Professor Sarah Hosking, CEO of NBCF, stated, “We are thrilled with the progress that NBCF has achieved with our research and fundraising efforts over the past 25 years, in particular the role that we have played in improving the detection of breast cancer over this time.”

“Research into early detection has resulted in a National Breast Cancer Screening Program, which has helped Australians receive the right treatment at the right time – significantly improving survival rates.”

“We know that research is not just a stop gap for today, it is the key to stopping breast cancer in the future. The only way we will do this is through developing better methods to identify, treat and prevent the disease,” Professor Hosking continued.

To date NBCF has raised $162 million towards 514 life-changing research projects in Australia, funded entirely by the Australian public. This research has helped to develop better therapies, greater understanding of possible ways to stop the spread of breast cancer to other areas, and improved quality of life for patients and their families.

Karen Foster, who has had her own personal experience with breast cancer after being diagnosed in 2013, is celebrating her 10th year as a member of NBCF’s Speakers Network.

Karen said that she excited to share her own personal milestone in the same year as NBCF’s 25th anniversary.

“During my own diagnosis and treatment, I recognised that I was lucky to have access to the latest technology and treatments, which have been made possible through research,” she said.

“I believe we’re all on a breast cancer journey, some of us will have it and others touched by it.

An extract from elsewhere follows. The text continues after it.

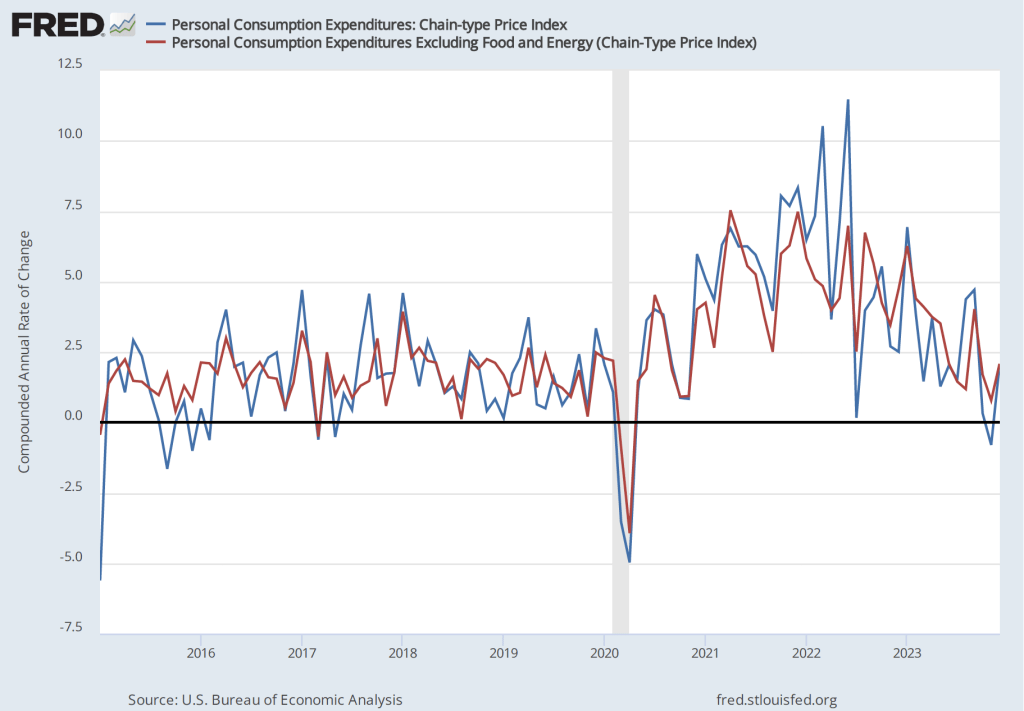 By the time inflation reached its peak in mid-2022, many economists believed that the FOMC’s decision to delay increasing the federal funds rate until March 2022 had made it unlikely that the Fed could return inflation to 2 percent without causing a recession. But the latest macroeconomic data indicate that—contrary to that expectation—the Fed does appear to have come very close to achieving a soft landing. On January 26, the Bureau of Economic Analysis (BEA) released data on the PCE for December 2023. The following figure shows for the period since 2015, inflation as measured by the percentage change in the PCE from the same month in the previous year (the blue line) and as measured by the percentage change in the core PCE, which excludes the prices of food and energy (the red line).

It’s everyone’s responsibility to support the research that will build each milestone along the journey towards no deaths.

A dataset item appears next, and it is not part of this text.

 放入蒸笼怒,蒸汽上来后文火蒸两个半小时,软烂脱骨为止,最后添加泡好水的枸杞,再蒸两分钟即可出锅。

Over its 25-year history, 1,361 researchers from 110 universities and institutions have completed the equivalent of 1230 years of breast cancer research thanks to NBCF. While research continues to improve treatment and early detection options, breast cancer remains the most commonly diagnosed cancer for women in Australia, taking the lives of eight women per day[v].

Reflecting on their accomplishments, NBCF’s Research Director Dr Chris Pettigrew noted improving the five-year survival rate for breast cancer from 76% to 90%[vi] as one of the key research milestones in their 25-year history. NBCF are dedicated to continuing to invest vital funds into world-class research to determine the causes of breast cancer, and develop new strategies for prevention and treatments.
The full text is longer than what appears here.